What you should do
Exact reproduction required: the lines below from the line with "Camisa de Celine" to the line with "I made a ghost", both ends included, and no others.

*** Opening of Recorded data ***

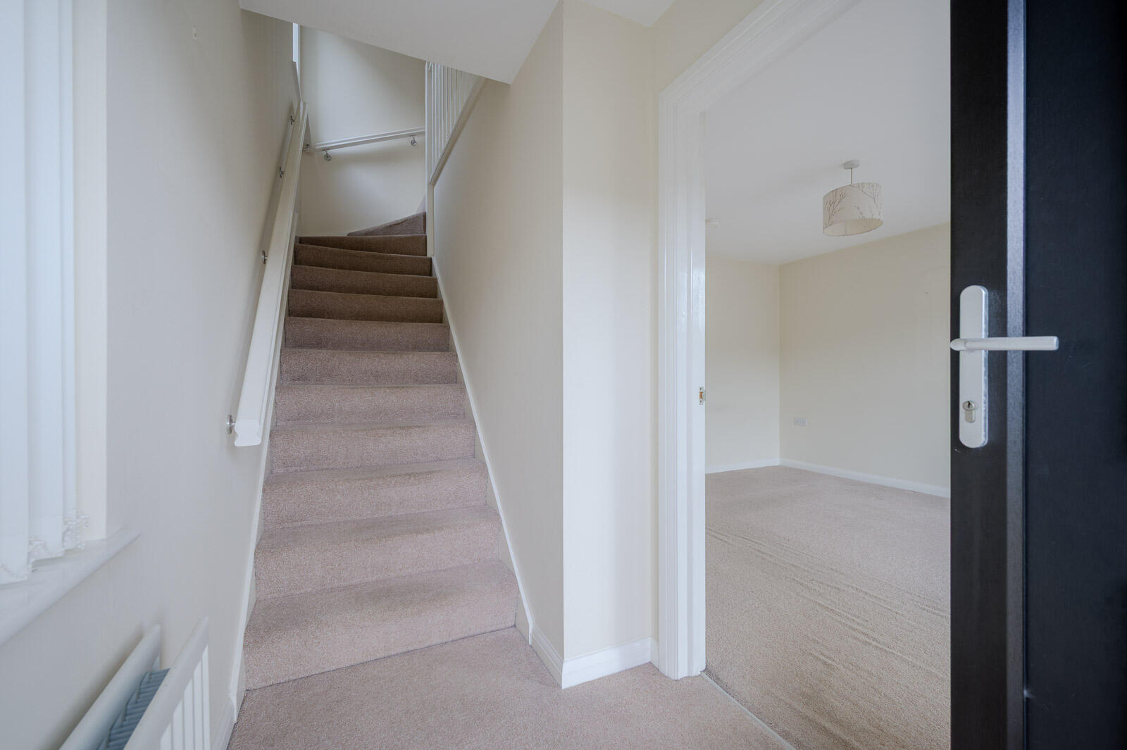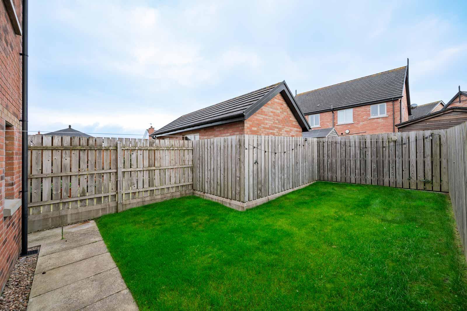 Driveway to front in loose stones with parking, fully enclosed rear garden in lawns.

*** Close of Recorded data ***
*** Opening of Recorded data ***

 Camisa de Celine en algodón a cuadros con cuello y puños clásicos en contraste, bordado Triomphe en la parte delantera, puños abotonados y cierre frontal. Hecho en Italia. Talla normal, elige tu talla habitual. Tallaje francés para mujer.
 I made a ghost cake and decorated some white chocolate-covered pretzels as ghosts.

*** Close of Recorded data ***

Response area
 Camisa de Celine en algodón a cuadros con cuello y puños clásicos en contraste, bordado Triomphe en la parte delantera, puños abotonados y cierre frontal. Hecho en Italia. Talla normal, elige tu talla habitual. Tallaje francés para mujer.
 I made a ghost cake and decorated some white chocolate-covered pretzels as ghosts.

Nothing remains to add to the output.